續集著重的則是出生、過去之記憶的存在情境。電影中面對這些存在情境的是複製人,但複製人的故事只是我們人類的寓言。

生命是有「路徑相依」(path-dependency)性的:現在的我型塑於過去每一階段的我,而過去的我存在於我的記憶之中。如果我的記憶受到質疑,那就是我的存在受到質疑。如果我的童年記憶受到質疑,那連我的出生都會成為問題。如果長久遺忘的記憶重新浮現,那我的生命可能會有全新的意義。
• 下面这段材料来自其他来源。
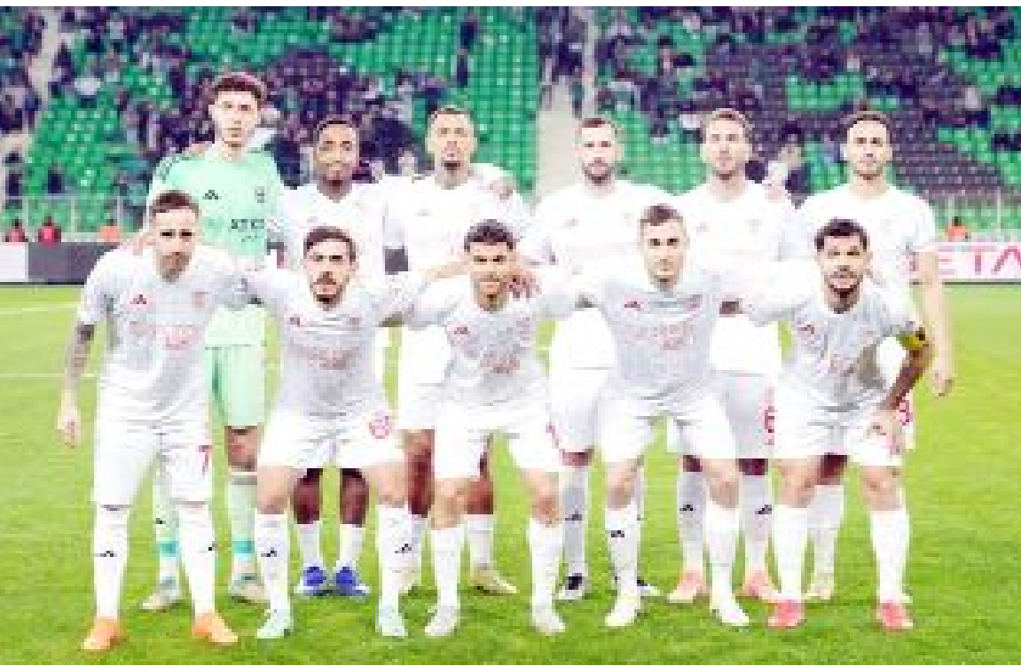
Play-off hattında bulunan Pendikspor, 34 maçta topladığı 57 puanın 32'sini sahasında aldı.

Arca Çorum FK, Uğur Uçar nezaretinde çıktığı 9 maçta 7 galibiyet, 1 beraberlik, 1 yenilgi alırken 2,44 puan ortalaması tutturdu. (Hüseyin AŞKIN)

記憶因此是存在本質的重要部分,我們甚至可以說:「我記得,所以我存在。」

但因為記憶是存在的本質,如果有人想操控你的存在,他可能先操控你的記憶。

《銀翼殺手》首部曲中追捕複製人的銀翼殺手Rick Deckard在發現新型複製人Rachel竟然不知道自己是複製人之後,與複製人製造者Tyrell之間有一段對話:

Tyrell:「我們公司在商言商。我們的銘言是『比真人更真』。Rachel目前只是一個實驗而已。我們注意到複製人有一種奇特的執著。他們畢竟不像我們有那麼長遠的過去,只有幾年生命經驗在累積,因此他們在處理情緒上是缺乏經驗的。假如我們為他們植入一個過去,我們可以給他們的情緒帶來一些緩衝,這樣我們就可以更妥適地來控制他們。」

Deckard:「記憶,你說的是記憶。」

像Rachel這種Nexus-7的複製人在實驗階段是不知道自己的記憶是被植入的,因此她就不知道自己是複製人。她的存在與真人的存在幾乎無異,甚至容許廠商誇口「比真人更真」。

首部曲最後Deckard跟Rachel產生情愫,相偕逃亡躲避其他銀翼殺手的追殺。過了30年,在《銀翼殺手2049》中,洛杉磯警局(LAPD)銀翼殺手Nexus-9複製人K在一次任務發現了Rachel的遺骸,進而發現Rachel曾經做過剖腹生產。由於複製人竟能生育事關重大,K受命追殺Rachel的小孩。另一方面,新的複製人製造廠商Wallace公司也希望找出Nexus-7實驗複製人Rachel之所以能夠生產的秘密,派出複製人追蹤K。

K在Rachel埋骨處發現一個刻在枯樹上的日期「6-10-21」,這恰好是他被植入的記憶中,小時候玩具木馬上刻有的日期。當他追尋到曾經收留過小孩的孤兒院,赫然發現一處與童年記憶吻合的場所,而在那兒找到記憶中當年暗藏的木馬。因為記憶得到事實印證,K深信自己是Deckard與Rachel的兒子,是人子而不是Wallace公司製造出來的產品!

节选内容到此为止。